Yesterday’s publication of the decision of the European Court of Human Rights (ECHR) on the complaint by the Turkish nationalist Doğu Perinçek came as a shock and as a surprise. My personal relationship to the claimant dates back into the year 2000, when I became a victim of a slander campaign by Turkish media, started by Perinçek and his obscure party paper “Aydinlik,” and spread by Turkey’s largest daily, “Hürriyet.” The occasion was a petition by several Germany based human rights NGOs to the German parliament, requesting the German lawmakers’ official recognition of the crimes, committed against the Ottoman Christian population and the Armenians in particular as genocide according to the UN Convention of 1948. In his revelations, Perinçek had tried to depict me as a leading German agent with NATO connections, whose special mission was the destabilization of Turkey by inflaming interethnic hatred. Towards this goal I had, according to “Aydinlik/Hürriyet,” allegedly freed the scholar Taner Akçam from his prison in Turkey in armed action and brainwashed poor Taner, until he became a propagandist of the “Armenian lies”, as Perinçek put it. In two subsequent court trials here in Germany I could at least fight the repetition of such slander by “Hürriyet.” 

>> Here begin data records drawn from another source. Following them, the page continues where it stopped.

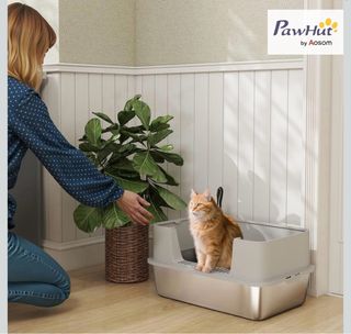 Arenero para gatos de la marca PawHut, diseñado para ofrecer comodidad y privacidad a tu mascota. - Color gris y plateado. - Materiales resistentes. - Diseño moderno. Ref: d31-145v00gy
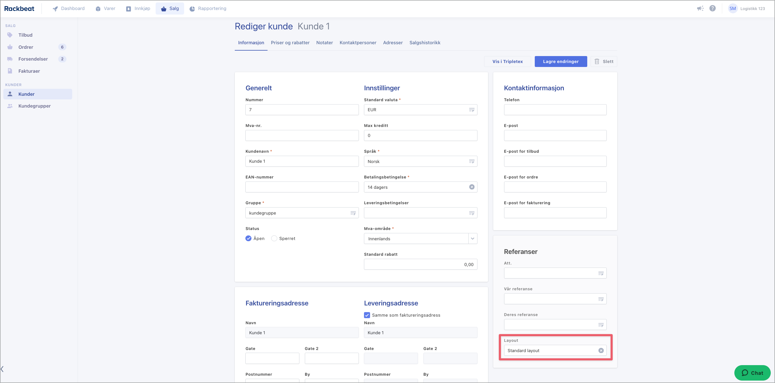 For å knytte layouten til relevante kunder eller leverandører går du inn på enten kunde- eller leverandørkortet > ser i feltet for «Referanser» og legger til layouten du vil ha. Du kan også velge en standard layout for alle nye kunder og leverandører i de generelle innstillingene dine.
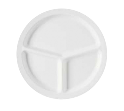 Supermel™ Plate, 10" dia., 3-compartments, break-resistant, dishwasher safe, melamine, white, NSF
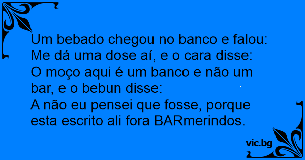 O moço aqui é um banco e não um bar, e o bebun disse:
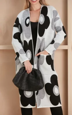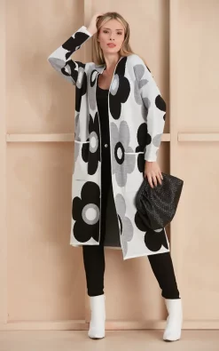 Longline Midi Cardigan with 2 pockets in Black/White Floral print. Stylish Cardigan/Coat for you autumn-winter outfits.
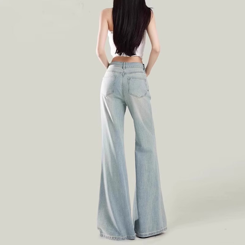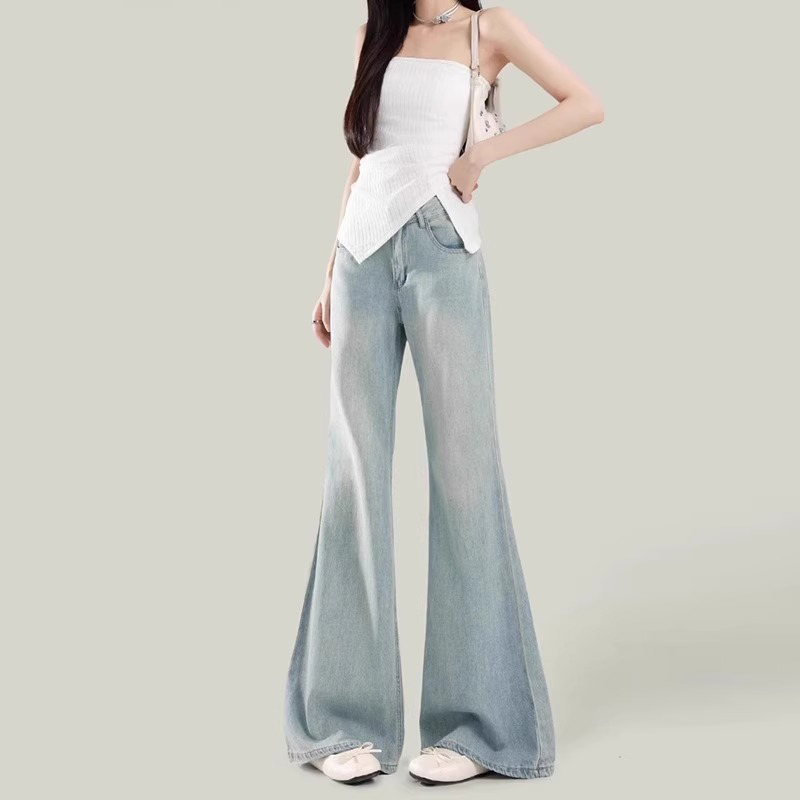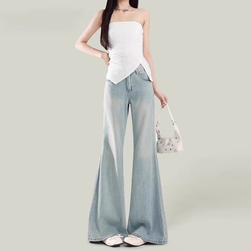 高腰不贴腿宽松阔腿垂感遮胯喇叭裤 新款 子 女夏季 浅蓝色微喇牛仔裤
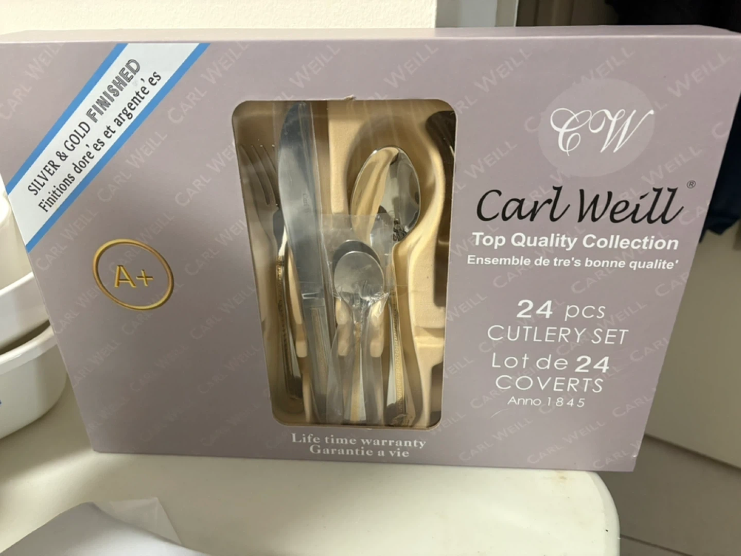 56Selling a brand new Carl Weill 24-piece cutlery set! This top-quality collection comes in its original box and includes a complete set of covers for 24 people. The set features a silver and gold finish, adding a touch of elegance to your dining experience
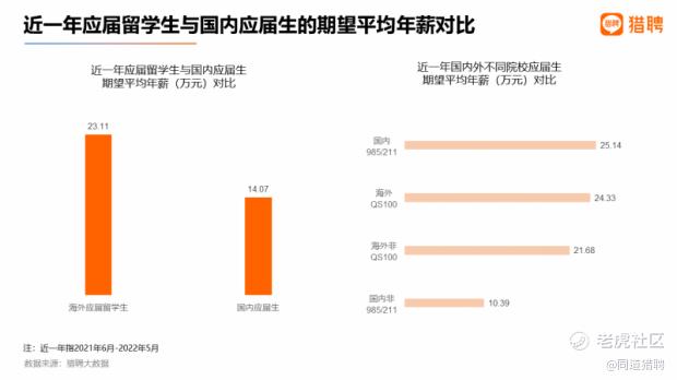 6月28日,猎聘大数据研究院推出《2022海外应届留学生就业竞争力洞察报告》,报告显示, 应届留学生期望平均年薪为23.11万,比国内应届生高出9.04万元。
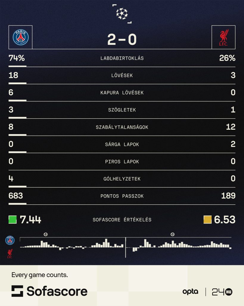 Végül a 65. percben Joao Neves adott egy kiváló kiugratást Kvaracheliának, Gravenberch felrúgni se tudta, így egy csel után begurította a második gólt is. Nem tudott váltani a Liverpool, sőt megúszott a VAR-nak hála egy büntetőt is, a hajrában pedig sorra lazázta el támadásait a PSG. Az angolok még meg is köszönhetik, hogy csak kettőt kaptak Párizsban és nem 4-5 góllal kaptak ki.
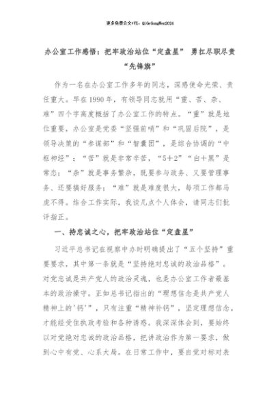 【七哥公文】2024年:办公室工作感悟:把牢政治站位“定盘星” 勇扛尽职尽责“先锋旗”+更多免费公文+VX:QiGeGongWen2024
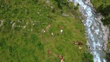 Aerial View of Cows Grazing by a Mountain River in the Austrian Alps During Summer
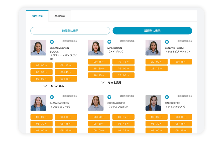 「講師を選んでも予約できる時間がない」といった事なく、スムーズに予約を進めていただけます!
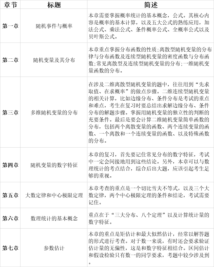 在復(fù)習(xí)概率與數(shù)理統(tǒng)計的過程中,把握住每章節(jié)的考試重點,概率一定能取得好成績。
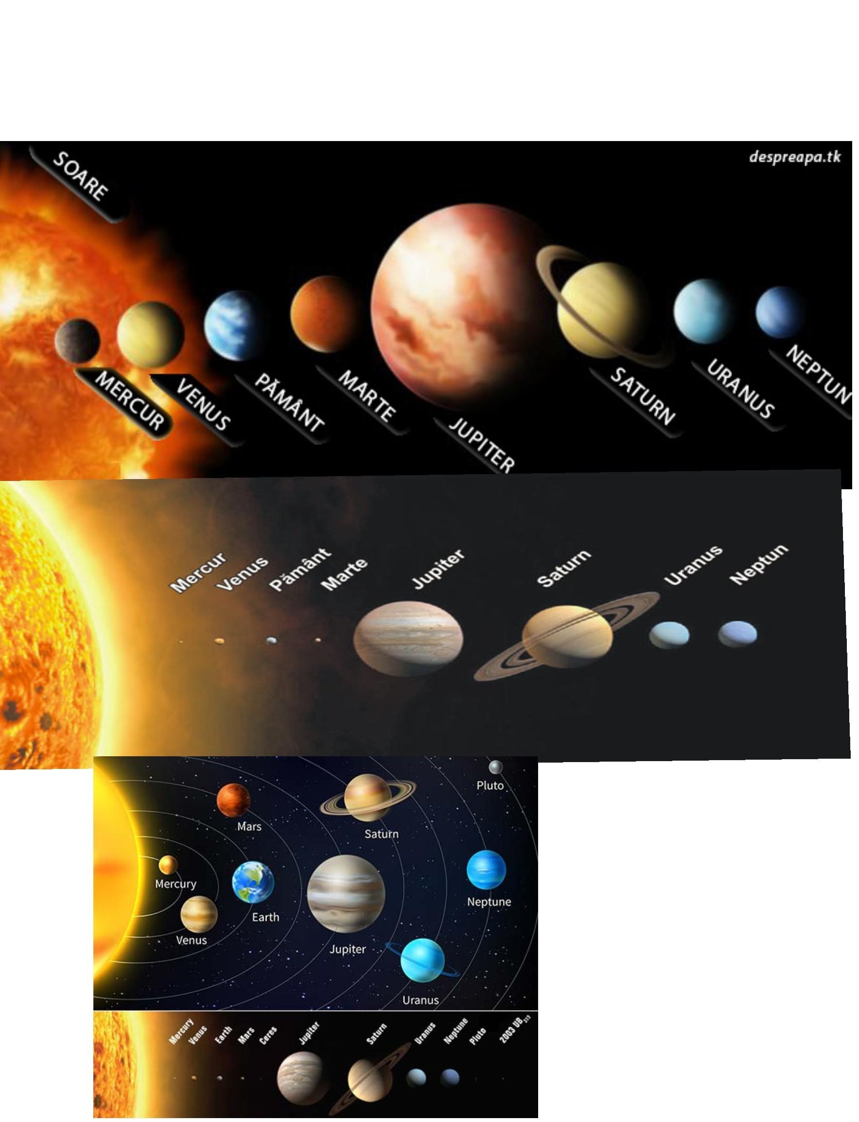 Cine nu știe ce este. Mercur, venus, pamant, marte, jupiter, saturn, uranus si neptun. Plansa sistemului solar ii face pe copii sa observe si sa invete ordinea in care sunt asezate planetele, dimensiunile acestora fata de pamant, . Legate de mişcarea planetelor sau sateliţilor din sistemul solar sunt . Plansa sistemului solar ii face pe copii sa observe si sa invete ordinea in care sunt asezate planetele, dimensiunile acestora fata de pamant, culoarea .
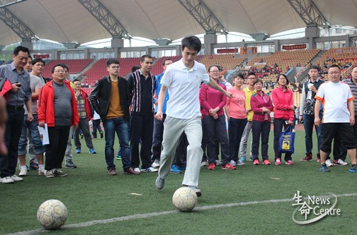 上午11:00,名为“教职工精神抖擞”的教职工跳绳比赛正式开赛,每个学院的五男五女共十位参赛老师都斗志昂扬。beat365唯一官方网站的老师们在比赛前都积极热身,力争拿下一个好名次,一展生命风采。但最终虽然beat365唯一官方网站惜败,但老师们积极参赛,奋力拼搏的精神值得同学们学习。同时,“教职工得意门生”点球大战正如火如荼的进行着,老师们的每次大力射门,燃起了现场观众的足球热情。
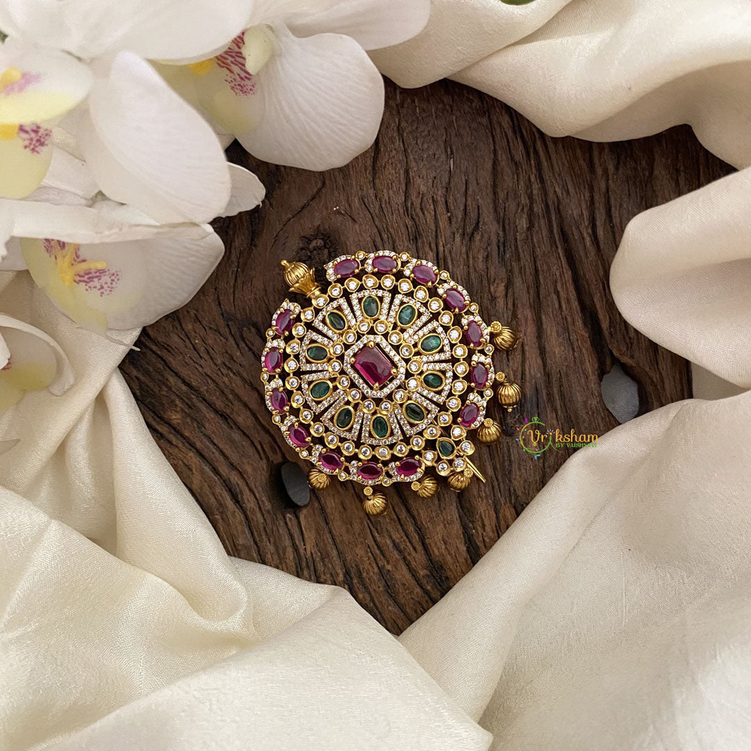 Indulge in the ultimate luxury with our Vriksham Antique Round AD Stone Bun Billai-Jada Billai. Handcrafted with exquisite red, green, and white stones, this bun billai adds a touch of elegance and sophistication to your look. Perfect for special occasions or everyday wear, it's a must-have for any fashion-forward individual.
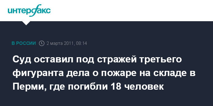 Пермь. 2 марта. ИНТЕРФАКС-ПОВОЛЖЬЕ - Пермский краевой суд рассмотрел ходатайство защиты обвиняемого по делу о крупном пожаре на пермском складе на решение Ленинского райсуда Перми об аресте.
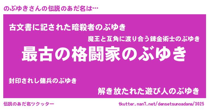 | ファンタジー風あだ名 | 『ゼノブトゥ』『エターナルノブユキー』 |
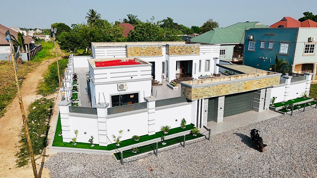 This stylish house comprises of 6-bedrooms, 8 baths in addition to a kitchen, living room, family, room, dining room and an office is located 5 minutes from St. James SHS at Ghana Post address BS-0380-8826. The house is ideal for visitors from all over the world traveling to Sunyani for business or pleasure and a great destination for honeymooners. Rent is $199 per day for 6 self contained bedrooms. Master bedroom is excluded and not part of the six bedrooms. Pool usage cost $150 per week.
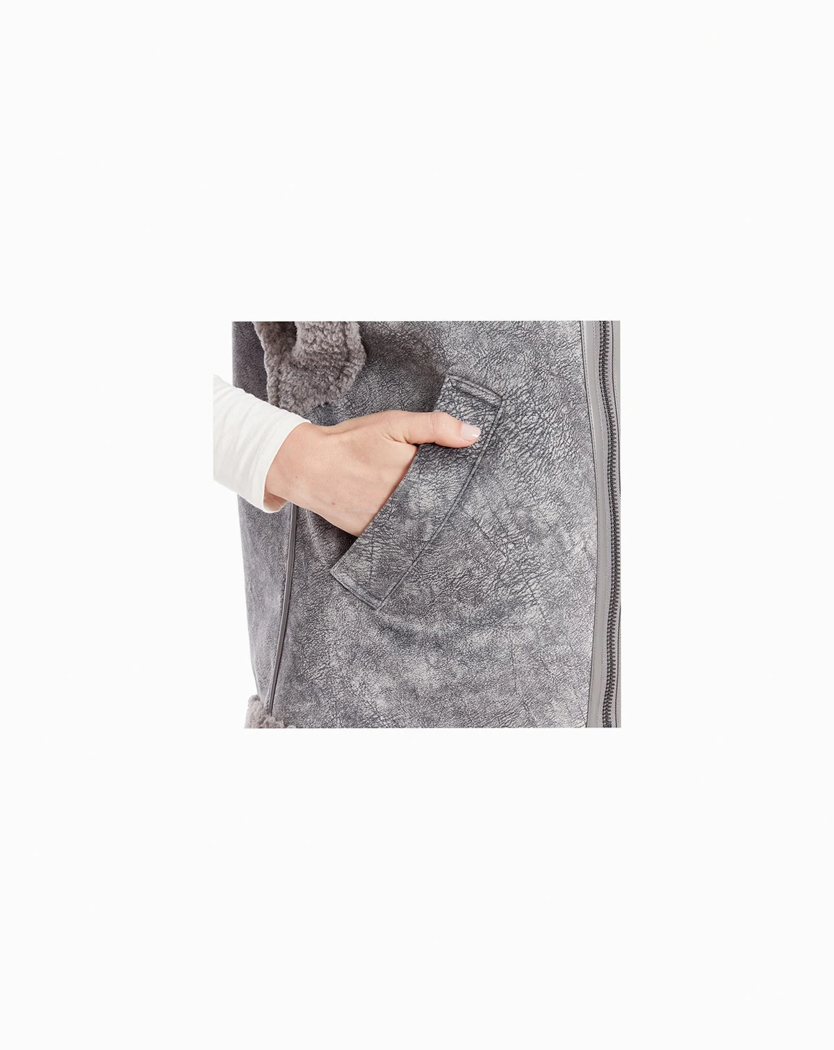 Get ready for crisp temperatures in this FRYE faux suede vest lined with faux sherpa. Details include front zipper closure and front pockets trimmed in faux sherpa. These accents make for a classic layering piece.

But that did not stop Perinçek and his comrades. Their next action was touring Germany, France and Switzerland, where they purposefully denied the Armenian genocide in public events (manifestations, speeches). But the second and perhaps main purpose of these tours was the provocation of European law systems on national levels. In Berlin, the head of our police reacted rather sharpish by prohibiting public manifestations. Perinçek then addressed to Berlin courts and achieved the permission of the manifestation, albeit with the condition to refrain from offensive slogans such as “Armenian genocide lie” or “so-called genocide”. These condition Perinçek and his followers violated at many occasions, albeit in Turkish language. In Switzerland, a descendant of Armenian genocide survivors, Sarkis Shahinian filed a court case against Perinçek for violating the anti-discrimination law of the Swiss Penal Code. On 9th March 2007, Perinçek had been sentenced accordingly in Lausanne, and I had the dubious joy to see the man during his trial when I gave expert witness to the court. In the course of the following months the Lausanne sentence has been approved by two higher courts of Switzerland, including the highest. As a citizen of a country, which is applying for full EU membership, Perinçek had only one option left, the ECHR. And the amazing thing happened: The highest court in the EU criticized the Swiss court decisions and fully confirmed Perinçek’s right to deny the genocide of 1.5 million Armenians (or overall 3.5 Ottoman Christians, if Perinçek would ever consider these lesser known co-victims).

To receive this outrageous decision, the judges argue more or less in the following way:
  • A long period passed since 1915.
  • In difference to the genocide of the European Jewry, the Armenian genocide (AG) is no internationally acknowledged or established fact. As evidence, the ECHR points to the fact that even in Switzerland exist opposing opinions about the AG, which subsequently has been acknowledged only by one of the two legislative chambers of the country. Furthermore there is no international court decision on the AG.
The ECHR believes that Perinçek did not violate the existing anti-racist legislation of Switzerland, for he ‘just’ articulated a personal opinion and allegedly did not act in order to offend Armenians. After the above mentioned provocative tours of Perinçek in several EU states, this is a highly refutable allegation. Having closely monitored his denialist and propagandist activities over the years I know one thing for sure: Perinçek does what he is doing with full intent to humiliate Armenian communities and to encourage his compatriots in Europe to follow his example and to provoke European legislation without fear.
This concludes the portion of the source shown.